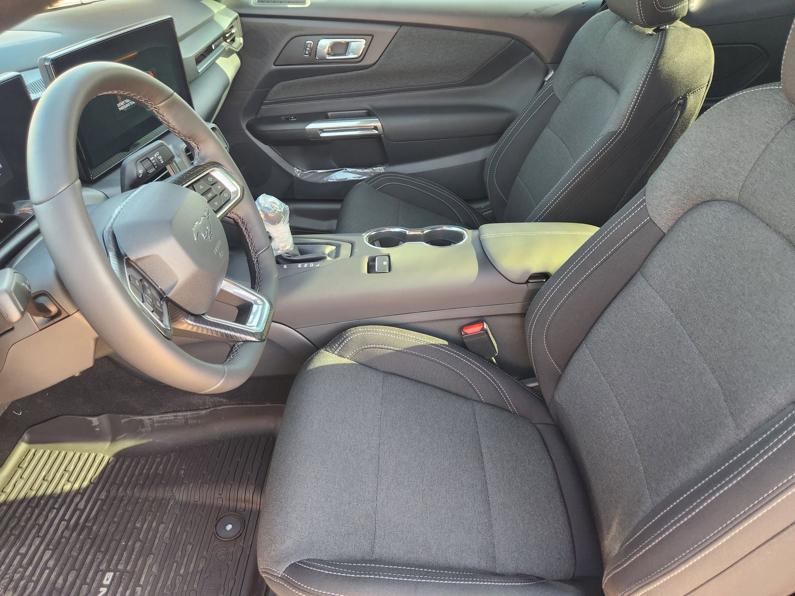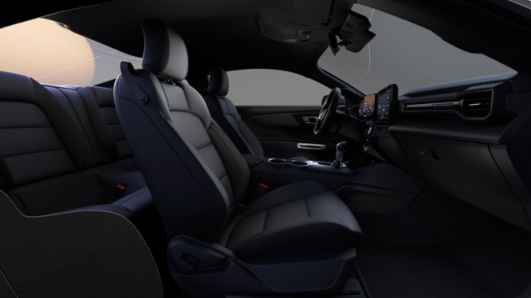 Slip behind the wheel and experience the Mustang's premium interior, featuring sport-inspired bucket seats, a leather-wrapped steering wheel, and the advanced SYNC 4 infotainment system. Stay connected with seamless smartphone integration, voice-activated controls, and a host of advanced safety features, including lane-keep assist, pre-collision assist with automatic emergency braking, and a rearview camera.
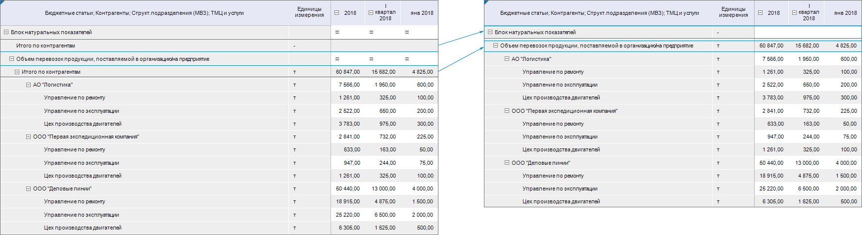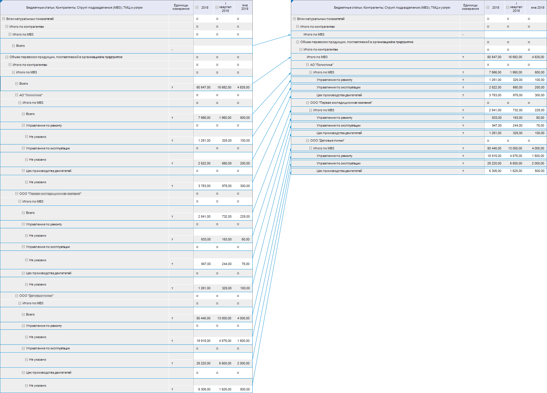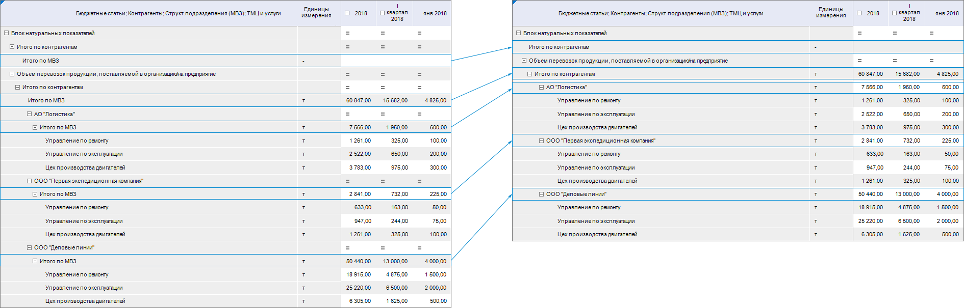 Для объединения элементов одного измерения с элементами другого используйте поджатие измерений. При использовании пожатия элемент измерения, который будет поджат, перестанет отображаться в отдельной строке, а его значения будут отображены в строке элемента измерения, к которому поджимают.
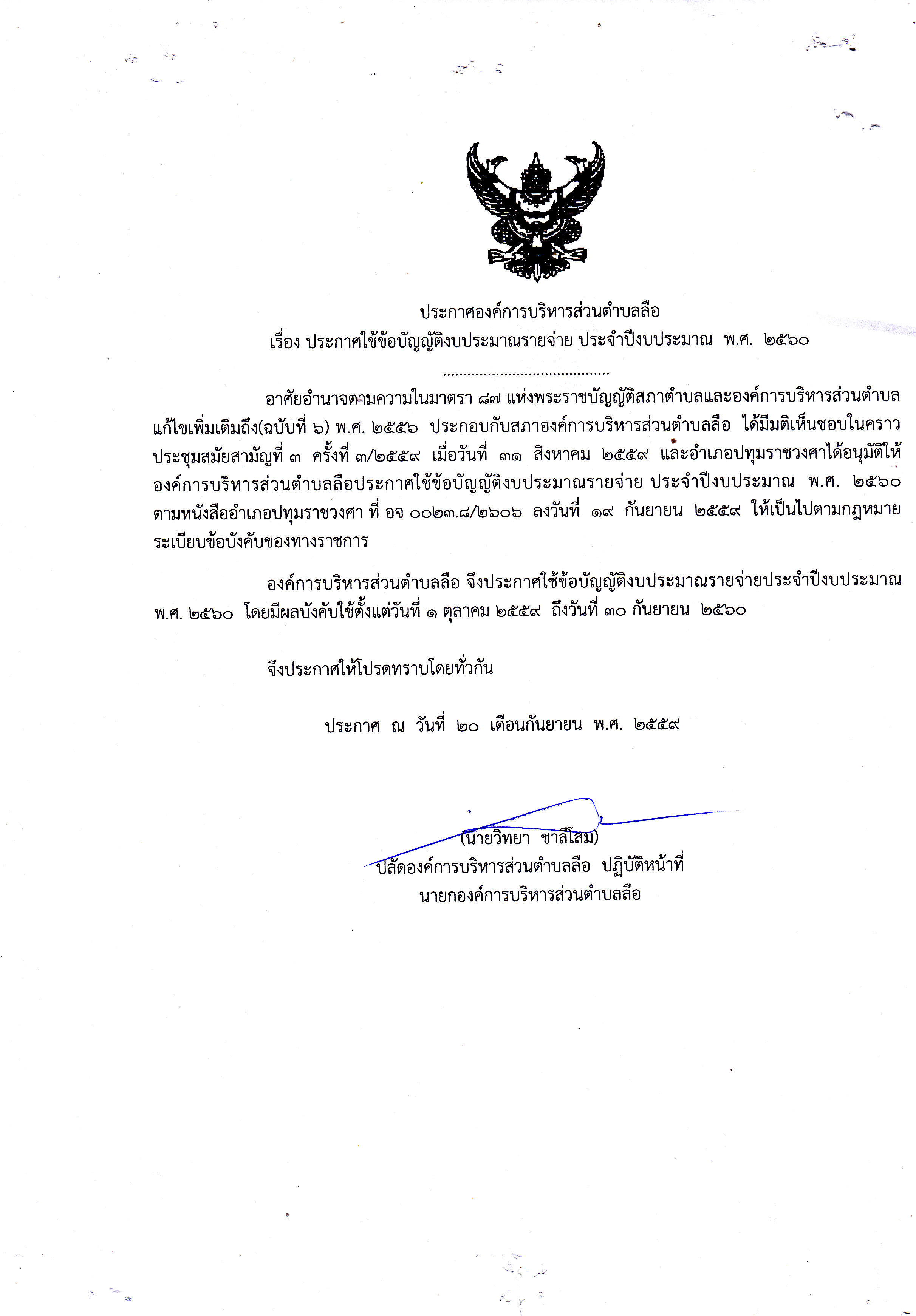 ชื่อเรื่อง : ประกาศใช้ข้อบัญญัติงบประมาณรายจ่าย ประจำปีงบประมาณ พ.ศ. ๒๕๖๐
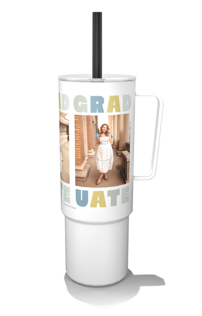 Create a customized 32oz MiiR photo tumbler with a built-in handle and flexible silicone straw for easy, on-the-go hydration.
::::::::
* _Your objective_: In your copy of the listing above, reproduce each line exactly and omit all pictures.

* _Expected output_:
 Slip behind the wheel and experience the Mustang's premium interior, featuring sport-inspired bucket seats, a leather-wrapped steering wheel, and the advanced SYNC 4 infotainment system. Stay connected with seamless smartphone integration, voice-activated controls, and a host of advanced safety features, including lane-keep assist, pre-collision assist with automatic emergency braking, and a rearview camera.
 Для объединения элементов одного измерения с элементами другого используйте поджатие измерений. При использовании пожатия элемент измерения, который будет поджат, перестанет отображаться в отдельной строке, а его значения будут отображены в строке элемента измерения, к которому поджимают.
 ชื่อเรื่อง : ประกาศใช้ข้อบัญญัติงบประมาณรายจ่าย ประจำปีงบประมาณ พ.ศ. ๒๕๖๐
 Create a customized 32oz MiiR photo tumbler with a built-in handle and flexible silicone straw for easy, on-the-go hydration.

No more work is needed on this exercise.